Note that these equations are true for any data type. The addition is not oriented to bytes, it is oriented to the size of the corresponding pointer type!
The strp pointer can be set to other locations. Its destination may vary. In contrast to that, arrays are fix pointers. They point to a predefined area of memory which is specified in brackets:
char str[6];
You can view str to be a constant pointer pointing to an area of 6 characters. We are not allowed to use it like this:
str = "hallo"; /* ERROR */
because this would mean, to change the pointer to point to 'h'. We must copy the string into the provided memory area. We therefore use a function called strcpy() which is part of the standard C library.
strcpy(str, "hallo"); /* Ok */
Note however, that we can use str in any case where a pointer to a character is expected, because it is a (fixed) pointer.
Here we introduce the first program which is so often used: a program which prints ``Hello, world!'' to your screen:
#include <stdio.h> /* Global variables should be here */ /* Function definitions should be here */ int main() { puts("Hello, world!"); return 0; } /* main */
The first line looks something strange. Its explanation requires some information about how C (and C++) programs are handled by the compiler. The compilation step is roughly divided into two steps. The first step is called ``preprocessing'' and is used to prepare raw C code. In this case this step takes the first line as an argument to include a file called stdio.h into the source. The angle brackets just indicate, that the file is to be searched in the standard search path configured for your compiler. The file itself provides some declarations and definitions for standard input/output. For example, it declares a function called put(). The preprocessing step also deletes the comments.

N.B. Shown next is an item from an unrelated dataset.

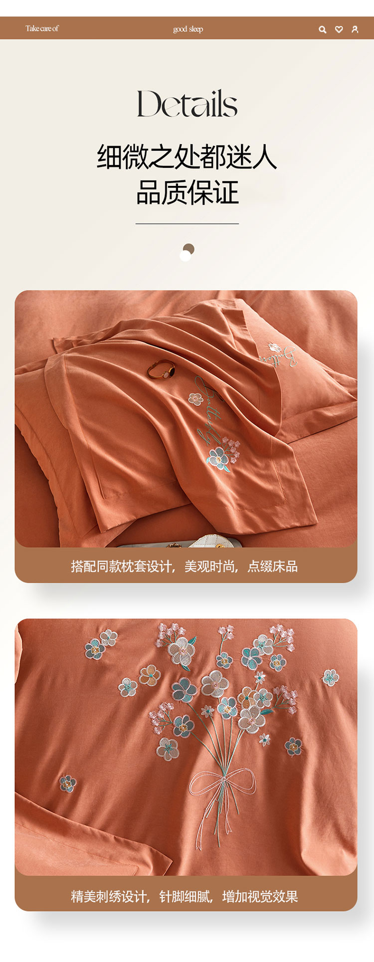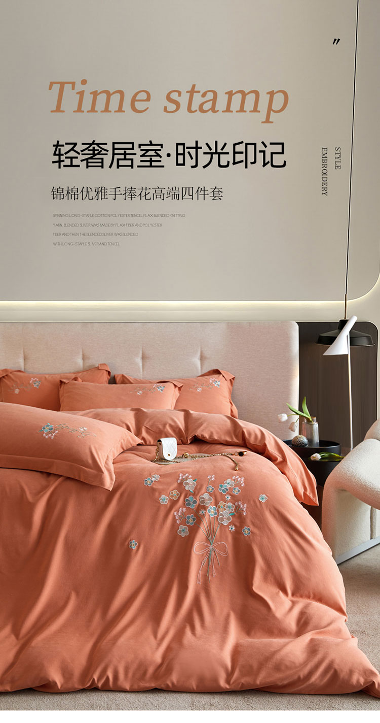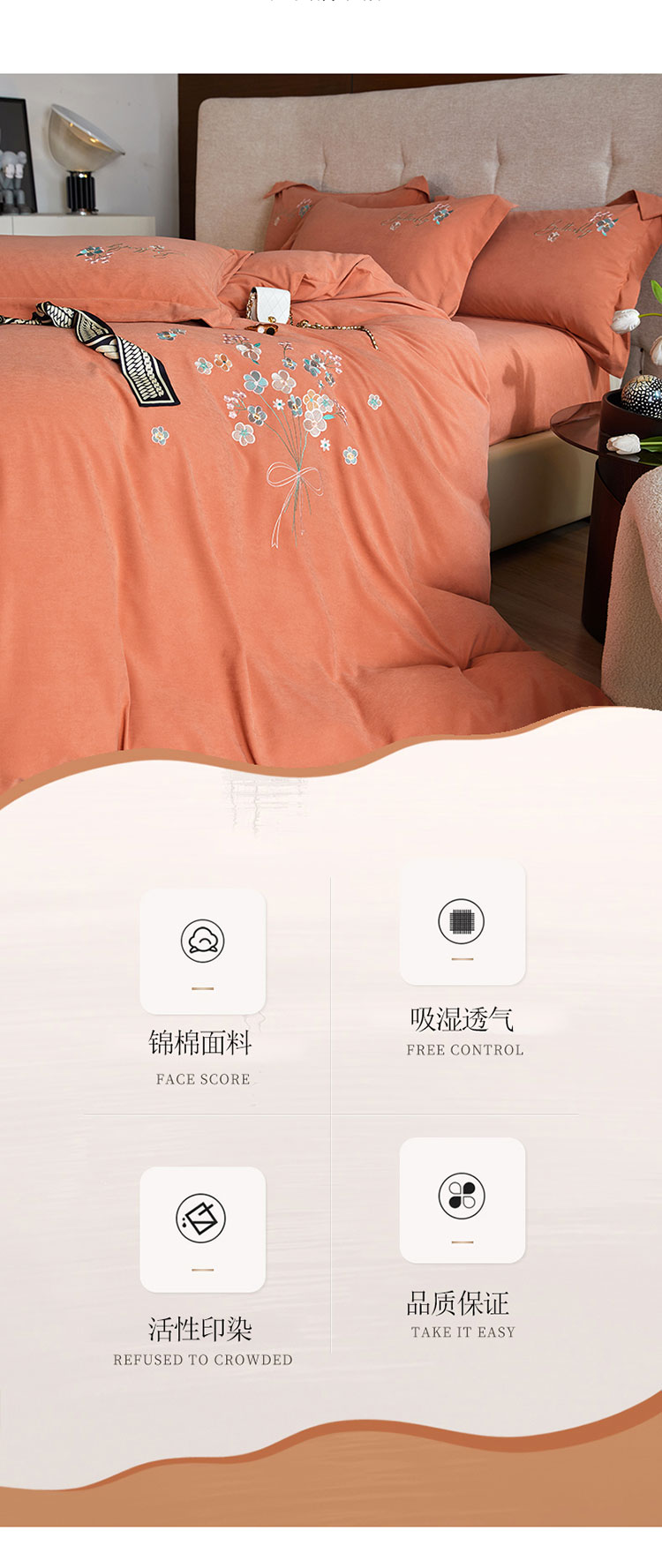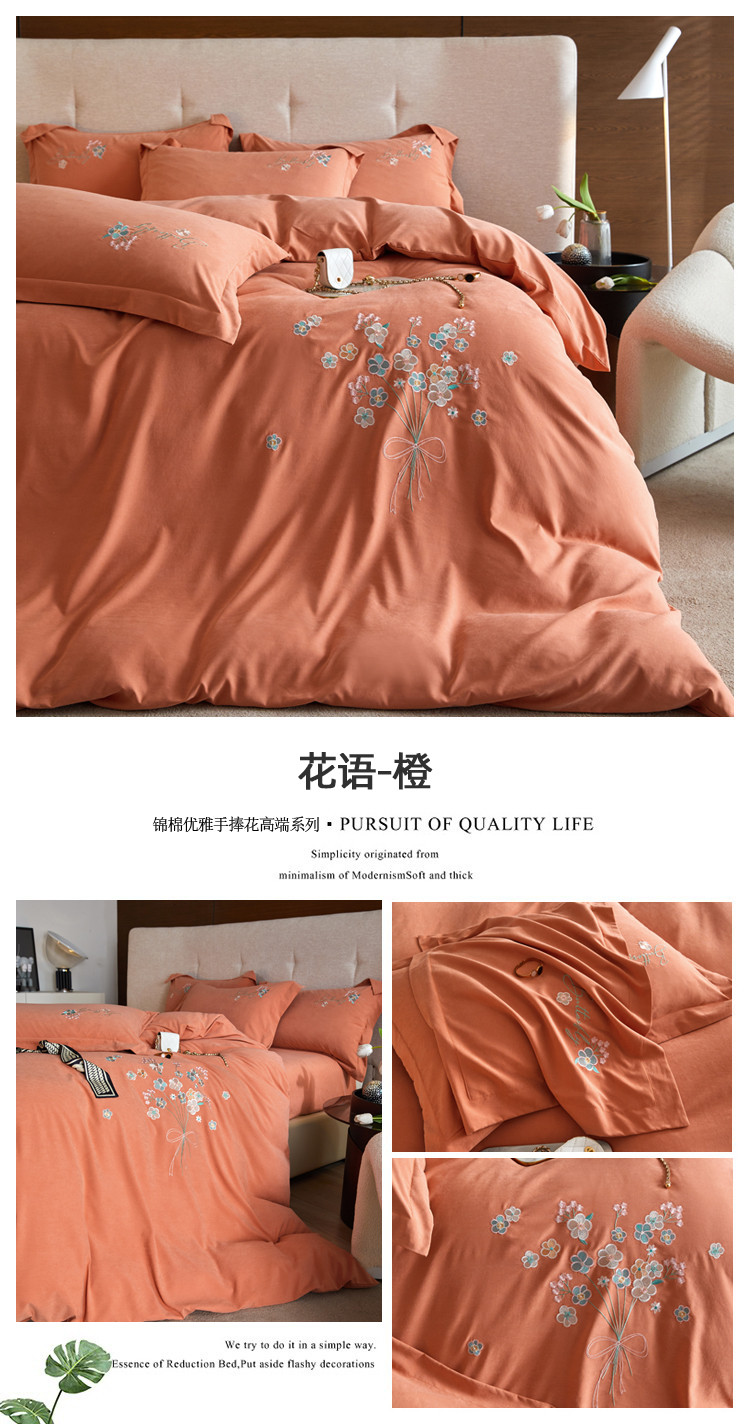 (总)凡客家居 2022新款60支高端锦棉优雅手捧花绣花系列四件套学生宿舍三件套

In the second step the generated raw C code is compiled to an executable. Each executable must define a function called main(). It is this function which is called once the program is started. This function returns an integer which is returned as the program's exit status.
Function main() can take arguments which represent the command line parameters. We just introduce them here but do not explain them any further:
#include <stdio.h> int main(int argc, char *argv[]) { int ix; for (ix = 0; ix < argc; ix++) printf("My %d. argument is %s\n", ix, argv[ix]); return 0; } /* main */
The first argument argc just returns the number of arguments given on the command line. The second argument argv is an array of strings. (Recall that strings are represented by pointers to characters. Thus, argv is an array of pointers to characters.)
This section is far from complete. We only want to give you an expression of what C is. We also want to introduce some basic concepts which we will use in the following section. Some concepts of C are improved in C++. For example, C++ introduces the concept of references which allow something similar to call by reference in function calls.
We suggest that you take your local compiler and start writing a few programs (if you are not already familiar with C, of course). One problem of beginners often is that existing library functions are unknown. If you have a UNIX system try to use the man command to get some descriptions. Especially you might want to try:
man gets man printf man puts man scanf man strcpy
We also suggest, that you get yourself a good book about C (or to find one of the on-line tutorials). We try to explain everything we introduce in the next sections. However, it is no fault to have some reference at hand.